Jangle33 · 28/12/2020 20:05

“ The alternative, is to have two parents who both work, but both also have to make sacrifices at work to ensure the DC aren’t in paid childcare all the time - so eg leaving on time, lowering standards at work so aren’t working over weekend etc. This is what DH and I are currently doing and I am happy with it as I don’t think I’m the personality to be a SAHM. But I won’t pretend it’s easy and there are days after a particularly tough week that I think it could all come crashing down on us.”

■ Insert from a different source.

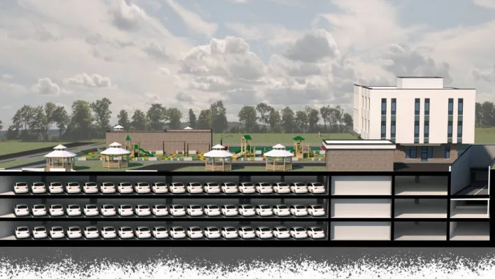 Sultangazi Belediyesi, 50. Yıl Mahallesi'ne 350 araç kapasiteli 3 katlı otoparkıyla hizmet verecek olan çok fonksiyonlu bir hizmet kompleksi kazandırıyor. Hizmet tesisi, sadece otoparkı değil yeşil alanları, parkı, aile sağlığı merkezi ve kütüphanesi ile de bölge halkına hizmet verecek.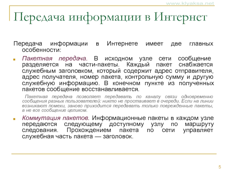 передача. В исходном узле сети сообщение разделяется на части-пакеты. Каждый пакет снабжается служебным заголовком, который содержит адрес отправителя, адрес получателя, номер пакета, контрольную сумму и другую служебную информацию. В конечном пункте из полученных пакетов сообщение восстанавливается.

I still think you can achieve, have a high salary, huge career satisfaction and not work weekends/constant evenings. I am hopeful that the wfh revolution forced by covid May change the world. We both work part time with a combined salary of prob £180k and our kids only do 2 after school sessions per week. I’m bloody proud of that. Clearly not possible with presents schoolers but once you’re past that stage, you don’t have to both be working round the clock to be highly successful.

Jangle33 · 28/12/2020 20:06

Sorry that should say, “not possible with ore schoolers”

Didyousaynutella · 28/12/2020 20:13

Jangle not all careers allow this. I work for the nhs. So would never earn close to that kind of money working part time. Depends on the career and we can’t all do the same thing.

MillieEpple · 28/12/2020 20:21

Jangle33 - thats really impressive. But you must see that even with hard work the majority of people are not going to be working part time for a salary of 90k. The vast majority of earners are not higher rate tax payers when working FT and many of these will be very high up in their field.

RUOKHon · 28/12/2020 20:28

We both work part time with a combined salary of prob £180k

Surely you can appreciate that that is extremely unusual and beyond what’s achievable for most careers?

Jangle33 · 28/12/2020 20:36

But this thread is about those men who earn crazy amounts (far more than me!) and they only did it because their wives gave up working. It’s not about the norm/average.

I want to change the narrative - where both partners share the load/earn the money and perhaps aim a little lower.

And I for one would paid a lot higher taxes if it meant the teaching and NHS professions would embrace flexible working/job shares.